The mobile devices enable users to make the initial metadata enrichment on site during the multimedia acquisition and capture context cues. However, they have limitations in regard to input modes and screen sizes. Our multimedia services using the i5Cloud enable extension of the metadata management on desktops or laptops using the SeViAnno web application.

Collaborative metadata services

The user-generated multimedia content changes relatively slowly after its creation. On the other hand, the associated metadata is under constant modification. For example, a video creator initially describes and tags a new video. But after sharing the video, many other people contribute to the video with annotations, hyperlinks, comments, ratings, etc. therefore, the success of multimedia services highly depends on features for metadata sharing collaborative metadata editing.

One of the key services for real-time collaboration is shared editing of XML documents. XML has been established as de facto a standard for data exchange and interoperability, including multimedia metadata standards. Since the nature of XML is generic and extendable, different kinds of information can be represented, such as graphic files (SVG), augmented reality content (ARML), and multimedia metadata (MPEG-7), etc. Therefore, real-time collaboration within multimedia applications in practice generally means concurrent editing of metadata documents in XML.

We use XMPP as a main communication protocol to support real-time collaboration. Our XMPP-based Mobile Multimedia Collaboration (XMMC) services run on top of i5Cloud. Multiple XMMC clients can bi-directionally stream XML messages over the XMMC i5Cloud services using XMPP channels. The Android client application (AnViAnno) also operates as a tool for multimedia acquisition, annotation with metadata, and multimedia content and metadata consumption (see Fig. 5).
Fig. 5

Main components of AnViAnno—an Android client application for semantic multimedia. This application can communicate with i5Cloud over three different connectors

On the cloud side, the XMPP communication is conducted via an Openfire XMPP Server [43] (see Fig. 4). The system is built on top of the XMPP server as an Openfire plugin. Two XMPP modules are responsible for the XMPP communication between clients.

First, Media Catalog Module is responsible to create, retrieve, update, and delete operations for multimedia content and metadata. The Media Catalog Module persists in the basic multimedia-related data on a relational database and ensures consistency of this data.

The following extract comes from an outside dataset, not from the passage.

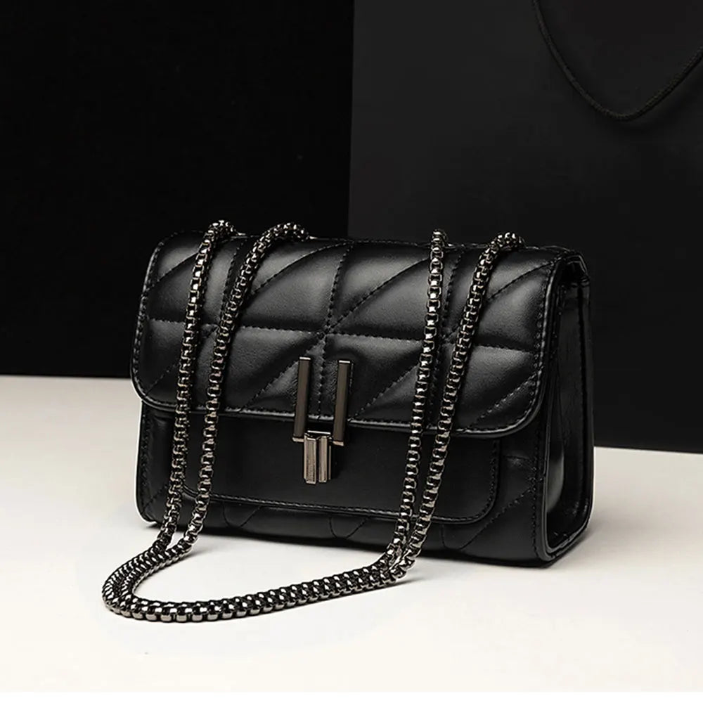 Elegance with a touch of edge. The bag features a quilted finish and distinctive chain straps that add a touch of sophistication and modern flair. It's the ideal choice for both formal occasions and everyday use.

Second, Collaborative Metadata Module handles metadata-related services, i.e. metadata management and synchronization of the annotation metadata at real-time among all collaborating client applications. The concurrent XML editing service is based on the Collaborative Editing Framework for XML (CEFX+) [21, 53]. CEFX+ enables concurrent editing of XML documents at real-time using operational transformation algorithms [49]. The synchronization is done by keeping a copy of the XML at every client in the session and then in case of edit operations the service ensures timely updates on the copies. If some conflicts exist, it resolves them and broadcasts the changes with a message for conflict resolution on all clients.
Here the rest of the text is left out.